◆ **ASSIGNED TASK**: Starting at the first line of the entries below, please return exactly each line up to and including the one with "篠麝香さんの画数の鑑定結果"; pictures stay out.

Dataset excerpts
[Start of section]

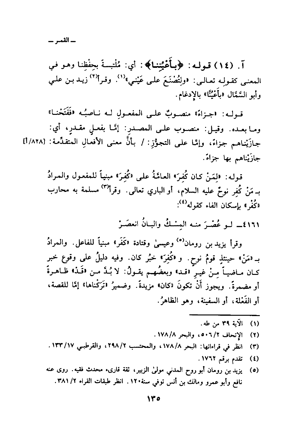 قوله: {لِّمَن كَانَ كُفِرَ} العامَّةُ على «كُفِرَ» مبنياً للمفعول والمرادُ ب مَنْ كُفِر نوحٌ عليه السلام، أو الباري تعالى. وقرأ مسلمة به محارب «كُفْر» بإسكان الفاء كقوله:
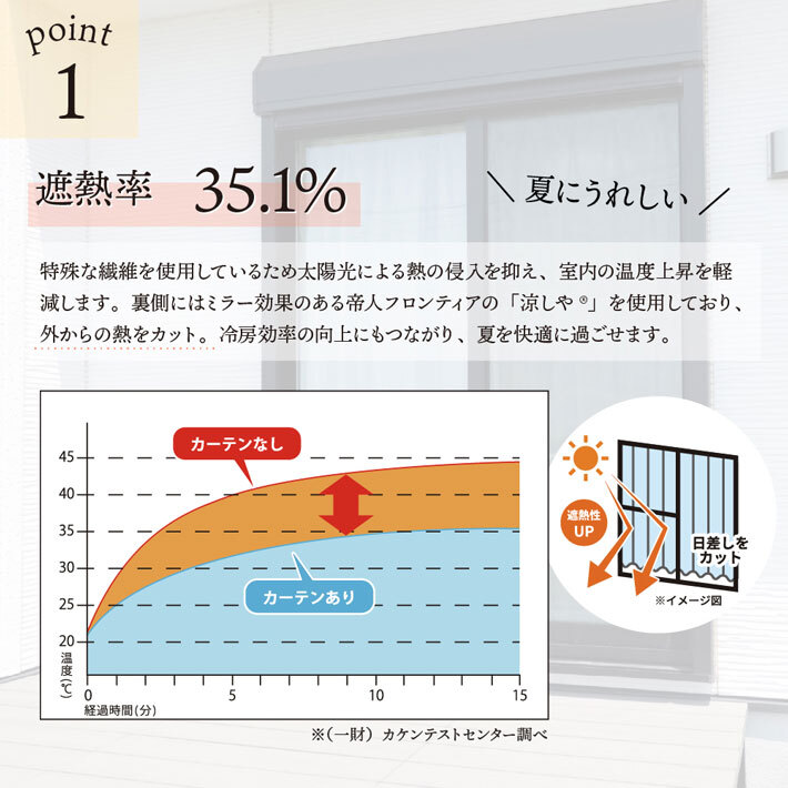 ■遮熱率35.1%:ミラー効果で日射熱をカットし、室温上昇を抑制。冷房効率を高め、夏も快適。
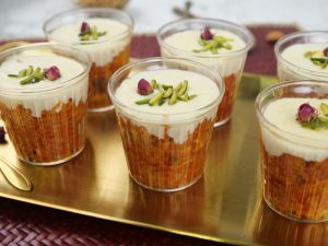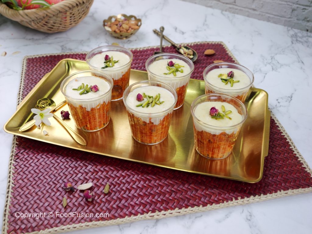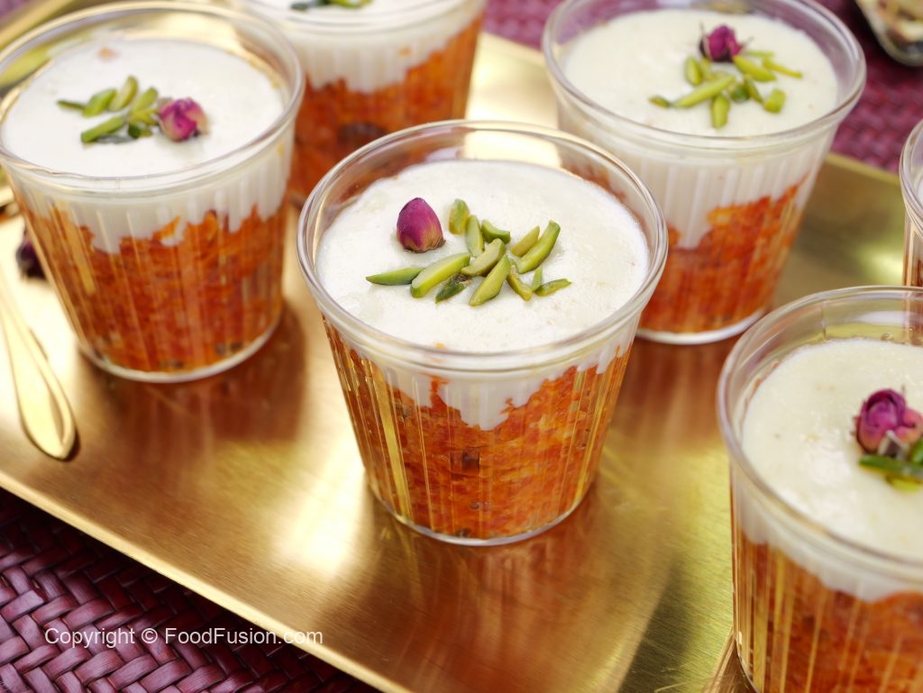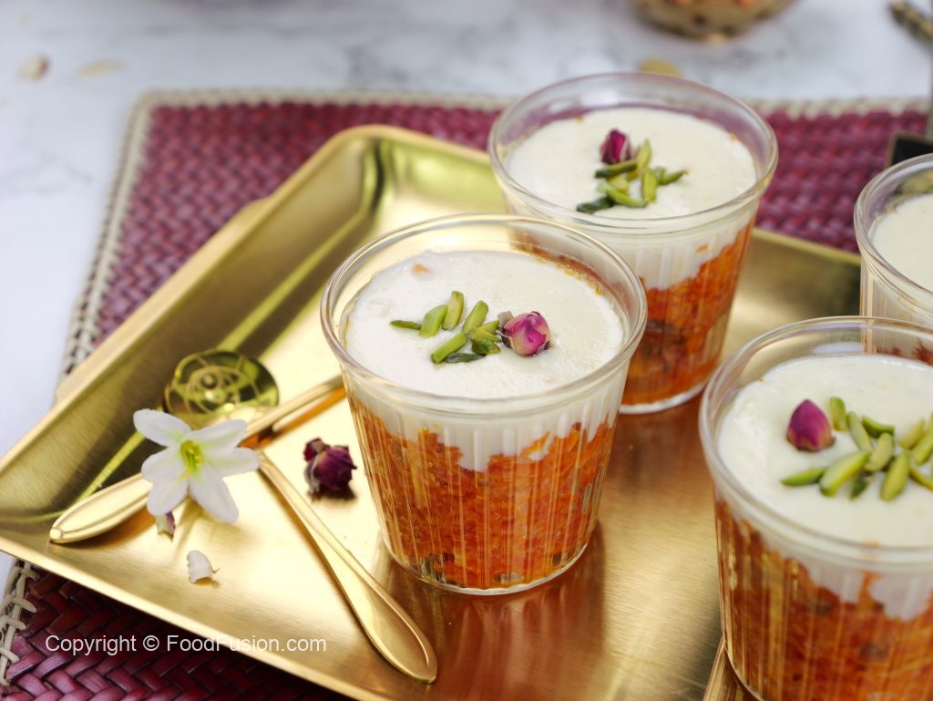 -Serving glass mein tayyar gajar halwa aur creamy khoya dal dein,pista aur dried rose sa garnish ker ka serve!
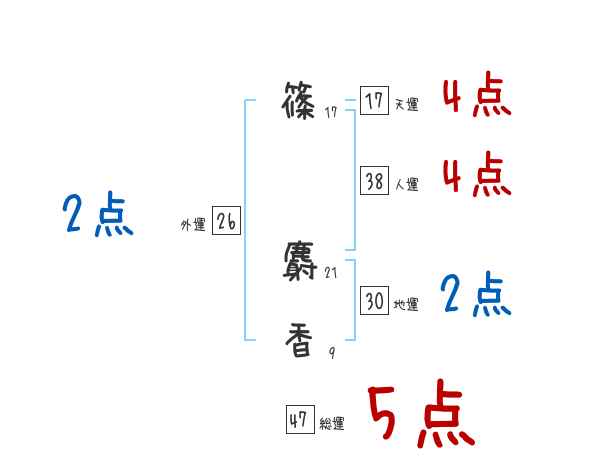 篠麝香さんの画数の鑑定結果
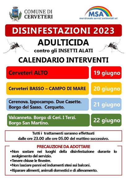 Il calendario degli interventi inizierà lunedì 19 giugno Cerveteri capoluogo alto, martedì 20 giugno Cerveteri capoluogo basso e Campo di Mare, mercoledì 21 giugno Cerenova, zona Ippocampo, Due Casette, Sasso e Cerqueto, giovedì 22 giugno Valcanneto, Ceri, Borgo San Martino e I Terzi. I trattamenti avranno inizio alle ore 23:00 e si concluderanno alle ore 05:00 del mattino seguente.
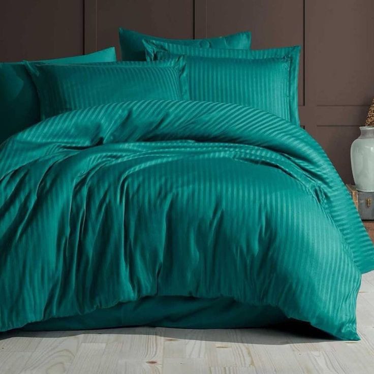 امنح غرفتك لمسة من الدفء والفخامة مع طقم اللحاف الشتوي المصمم بلون فيروزي أنيق ونقشة ستريب ناعمة تضيف عمقًا بصريًا راقيًا. مصنوع من خامات عالية الجودة تمنحك إحساسًا بالنعومة والراحة طوال ليالي الشتاء الباردة
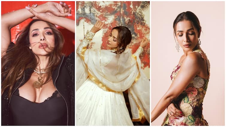 Here Malaika is in a modern ethnic avatar. She is wearing an off-white colored transparent saree, which has sequence and beads work on it. She has draped the saree in a stylish way instead of traditional, which has an off-shoulder blouse. There is a heavy multi-coloured necklace around her neck, which is giving a royal touch to her look. A small bindi on the forehead and open wavy hair complete her beautiful look.
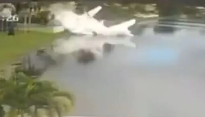 Un vídeo de vigilancia grabado en una casa cercana muestra cómo se vio al avión caer en picado al estanque de Coral Springs, un suburbio cerca de Fort Lauderdale .
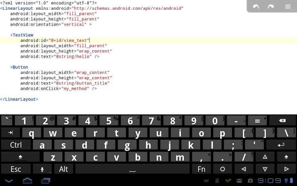 To this example, let's add a button to change the text being displayed. If you need to do any amount of typing, you will want to download and install a more complete soft keyboard or use an external Bluetooth keyboard. A good soft keyboard is the hacker's keyboard. It includes a lot of extra keys that are useful in code editing, including arrow keys to aid navigation and real control, Tab and Escape keys. Most soft keyboards included on Android devices lack these.
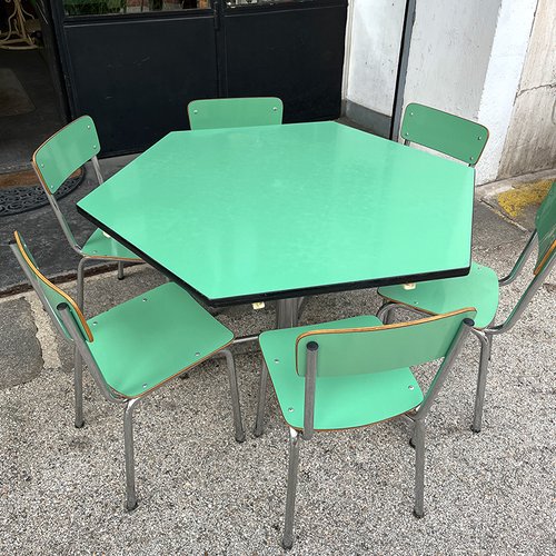Hexagonal nursery table with 6 Formica chairs, Italy 60u0027s
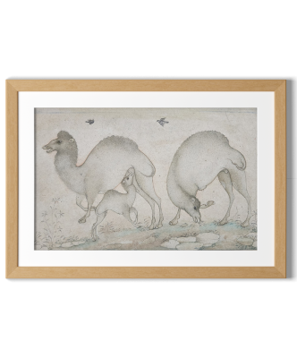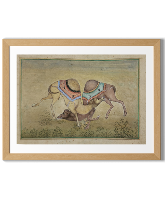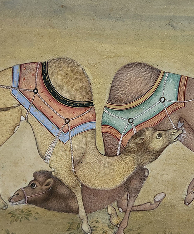 This beautiful miniature painting captures two camels in a serene moment amidst nature.

[End of section]

◆ **ANSWER TO THE EXERCISE**:
 قوله: {لِّمَن كَانَ كُفِرَ} العامَّةُ على «كُفِرَ» مبنياً للمفعول والمرادُ ب مَنْ كُفِر نوحٌ عليه السلام، أو الباري تعالى. وقرأ مسلمة به محارب «كُفْر» بإسكان الفاء كقوله:
 ■遮熱率35.1%:ミラー効果で日射熱をカットし、室温上昇を抑制。冷房効率を高め、夏も快適。
 -Serving glass mein tayyar gajar halwa aur creamy khoya dal dein,pista aur dried rose sa garnish ker ka serve!
 篠麝香さんの画数の鑑定結果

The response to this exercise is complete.